[WORK TO BE COMPLETED] Scan the records below for the line with "Cleans and Protects" and the line with "Searching for a", and retype that range exactly, both ends included, pictures excepted.

┌─ WORKING DATA

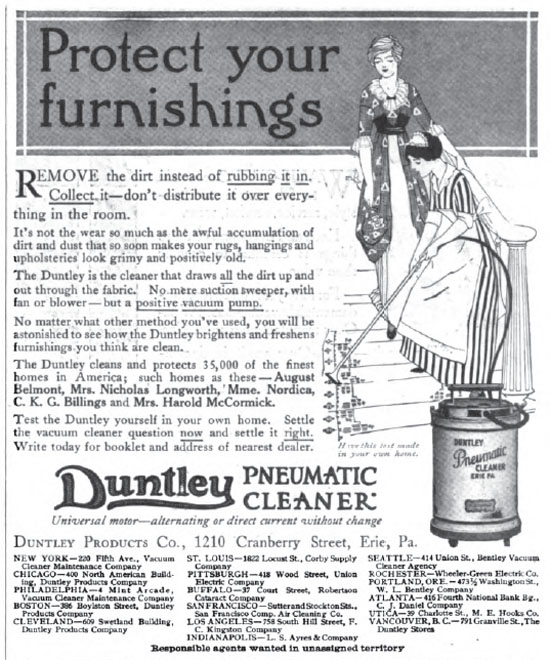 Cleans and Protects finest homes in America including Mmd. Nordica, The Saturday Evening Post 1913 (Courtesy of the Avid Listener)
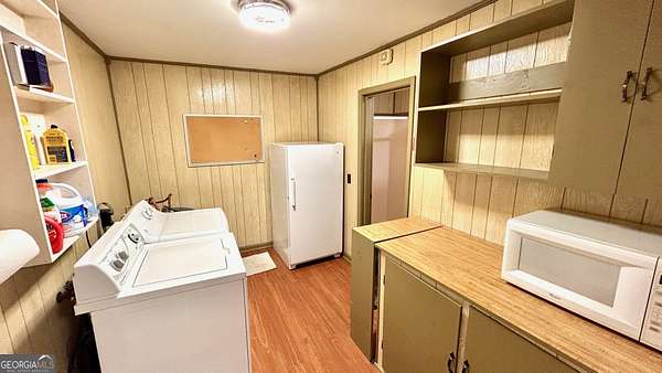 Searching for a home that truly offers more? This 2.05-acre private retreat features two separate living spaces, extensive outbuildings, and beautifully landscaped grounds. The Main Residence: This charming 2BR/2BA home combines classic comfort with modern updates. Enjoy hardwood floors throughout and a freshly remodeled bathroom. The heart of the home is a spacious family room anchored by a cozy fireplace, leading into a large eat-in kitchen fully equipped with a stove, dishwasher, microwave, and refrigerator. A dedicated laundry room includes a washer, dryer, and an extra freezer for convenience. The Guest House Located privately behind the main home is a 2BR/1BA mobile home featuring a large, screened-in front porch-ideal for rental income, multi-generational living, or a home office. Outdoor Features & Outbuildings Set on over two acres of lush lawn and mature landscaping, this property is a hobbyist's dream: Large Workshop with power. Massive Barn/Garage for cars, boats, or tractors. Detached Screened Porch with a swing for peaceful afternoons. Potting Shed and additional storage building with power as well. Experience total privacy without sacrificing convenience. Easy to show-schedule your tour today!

└─
┌─ WORKING DATA

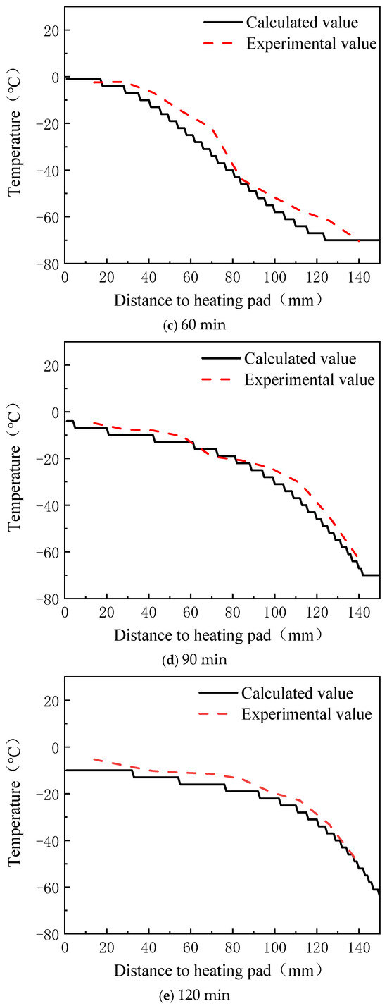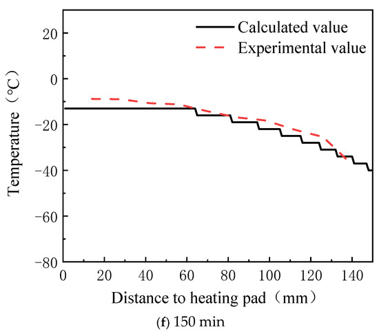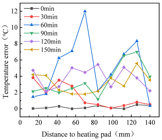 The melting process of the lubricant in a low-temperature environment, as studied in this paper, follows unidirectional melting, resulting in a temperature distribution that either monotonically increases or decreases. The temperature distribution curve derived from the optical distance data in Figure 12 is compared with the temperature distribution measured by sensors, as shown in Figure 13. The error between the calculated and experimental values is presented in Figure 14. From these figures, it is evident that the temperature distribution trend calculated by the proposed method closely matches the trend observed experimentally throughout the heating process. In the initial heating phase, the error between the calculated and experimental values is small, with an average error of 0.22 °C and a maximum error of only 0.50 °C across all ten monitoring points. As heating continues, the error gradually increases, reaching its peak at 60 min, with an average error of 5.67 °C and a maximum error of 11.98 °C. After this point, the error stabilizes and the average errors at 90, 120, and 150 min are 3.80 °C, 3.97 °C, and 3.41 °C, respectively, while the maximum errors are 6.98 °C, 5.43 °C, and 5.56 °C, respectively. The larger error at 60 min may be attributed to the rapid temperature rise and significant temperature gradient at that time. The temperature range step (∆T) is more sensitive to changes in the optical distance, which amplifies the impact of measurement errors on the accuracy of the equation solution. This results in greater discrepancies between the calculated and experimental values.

└─

[RESPONSE]
 Cleans and Protects finest homes in America including Mmd. Nordica, The Saturday Evening Post 1913 (Courtesy of the Avid Listener)
 Searching for a home that truly offers more? This 2.05-acre private retreat features two separate living spaces, extensive outbuildings, and beautifully landscaped grounds. The Main Residence: This charming 2BR/2BA home combines classic comfort with modern updates. Enjoy hardwood floors throughout and a freshly remodeled bathroom. The heart of the home is a spacious family room anchored by a cozy fireplace, leading into a large eat-in kitchen fully equipped with a stove, dishwasher, microwave, and refrigerator. A dedicated laundry room includes a washer, dryer, and an extra freezer for convenience. The Guest House Located privately behind the main home is a 2BR/1BA mobile home featuring a large, screened-in front porch-ideal for rental income, multi-generational living, or a home office. Outdoor Features & Outbuildings Set on over two acres of lush lawn and mature landscaping, this property is a hobbyist's dream: Large Workshop with power. Massive Barn/Garage for cars, boats, or tractors. Detached Screened Porch with a swing for peaceful afternoons. Potting Shed and additional storage building with power as well. Experience total privacy without sacrificing convenience. Easy to show-schedule your tour today!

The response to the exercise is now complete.